The old delta philosopher, whose nightly companions are the bones or warriors of a once proud and defiant race, has found among other things a rude stone device which he at first believed was either a weapon or some implement of husbandry or culinary use. But this theory he has since abandoned and is satisfied In his own mind that it was undoubtedly the mace or royal scepter, which was carried by the man of large frame who as a herald always announced the approach of the chieftain of the tribe. When Sir Francis Drake visited along these shores more than 300 years ago he reported having found the chief, or king, as Drake called him, thus accompanied. The chief was invariably distinguished by wearing an ornamental chain of a boney substance "every link or particle thereof being very little and thin, most finely burnished, with a hole pierced through the middest." Small links answering this description have been discovered in the mound. There are other links that might have been used as wampum. These consist of shells strung on sinews or fiber, rubbed down to a circular shape. In the burial of the Indians of that day it was the custom to lay the weapons and effects away with the bodies of their owners. It was also their practice in preparing the bodies for burial to double the knees against the chest, and thus bind them firmly with a stout cord. The bodies uncovered at the Topango delta are for the most part in this position, although some of them have evidently fallen over. Beside them, too, are found the stone implements, the flint arrow heads and the other bone and stoned rills, needles, implements and handiworks and tools of the craft.

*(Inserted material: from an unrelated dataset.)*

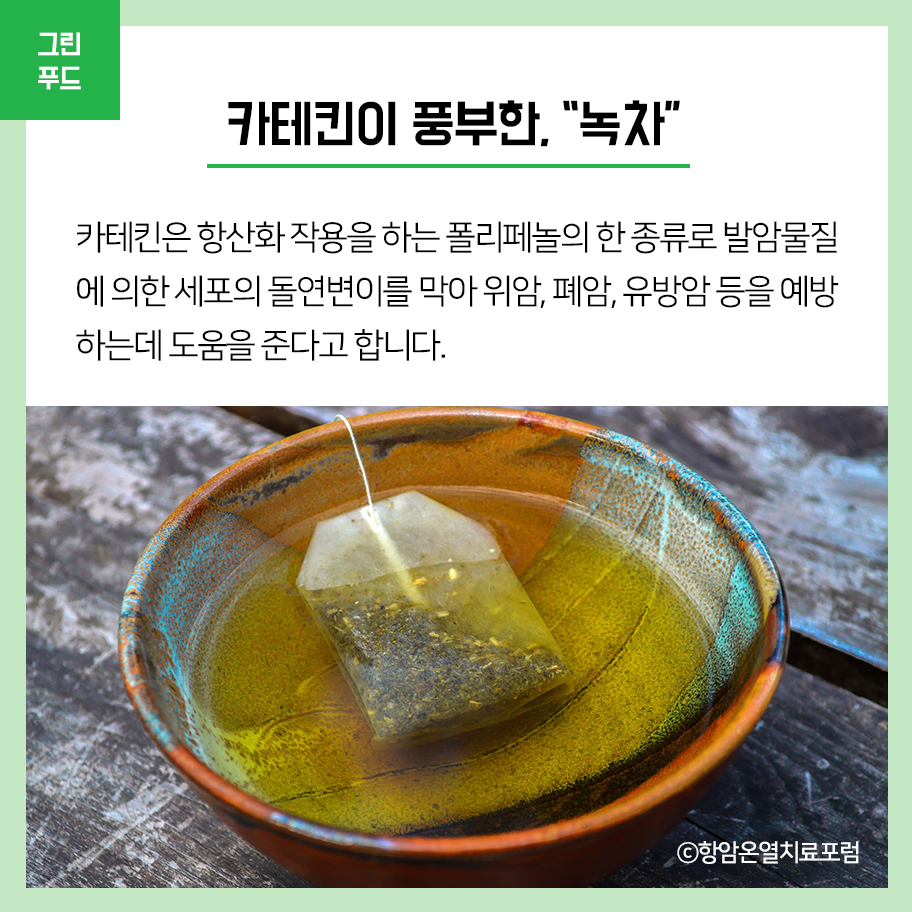 카테킨은 항산화 작용을 하는 폴리페놀의 한 종류로 발암물질에 의한 세포의 돌연변이를 막아 위암, 폐암, 유방암 등을 예방하는데 도움을 준다고 합니다.

But the generally-accepted theory of Coolbaugh as well as of those who have viewed the ancient burial mound is that the burial antedated the coming of Drake by many years, as the stories that were told by the natives to the Padres in 1776, when Junipero Serra visited the Malibu coastline, included no recital of a general slaughter during the years immediately preceding. The memory of those then living, coupled with the tales that had been told to them by their fathers and grandsires, carried the history of the canyons back to Drake's time. The next backward step leads to Cabrillo, the Portuguese navigator, who sailed the waters of Santa Monica Bay as early as 1542, touching at the mouth of the Santa Monica barranca. He found the natives who flocked to the beach to greet him a friendly race and their relations during his brief stay were pleasant. In their recital to him of their tribal customs, they spoke of the practice of burying the dead, rather than cremating them. They also told him that it was their practice to place at the feet of the sitting dead such articles as they may have owned. Those stone tools were to indicate the occupation of the dead. In exhuming the remains found in the Topango Mound. Coolbaugh finds the stone implements and dishes thus placed. With them he finds also bone whistles, such as might have been used by these Indians who sang funeral dirges, with accompaniment whistled through a deer's leg bone.

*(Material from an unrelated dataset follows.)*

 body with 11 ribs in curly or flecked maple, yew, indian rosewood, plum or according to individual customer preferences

One of the first skulls brought to the light of day was found to have a long flint arrowhead deeply imbedded in the region of the temple. Several of the other skeletons show deep fractures such as might have been inflicted by battleaxes or tomahawks, but as yet no war clubs or axes of any description have been discovered. Another of the skulls had horns, which protruded from near the front of the ear cavity and encircled the head. These horns, which were two or three inches In length, were apparently of the same bone composition as the skulls and had evidently been a part of them; but they were so slender and mellow with age that at the first handling after exposure to the air the horns became separated from the skull.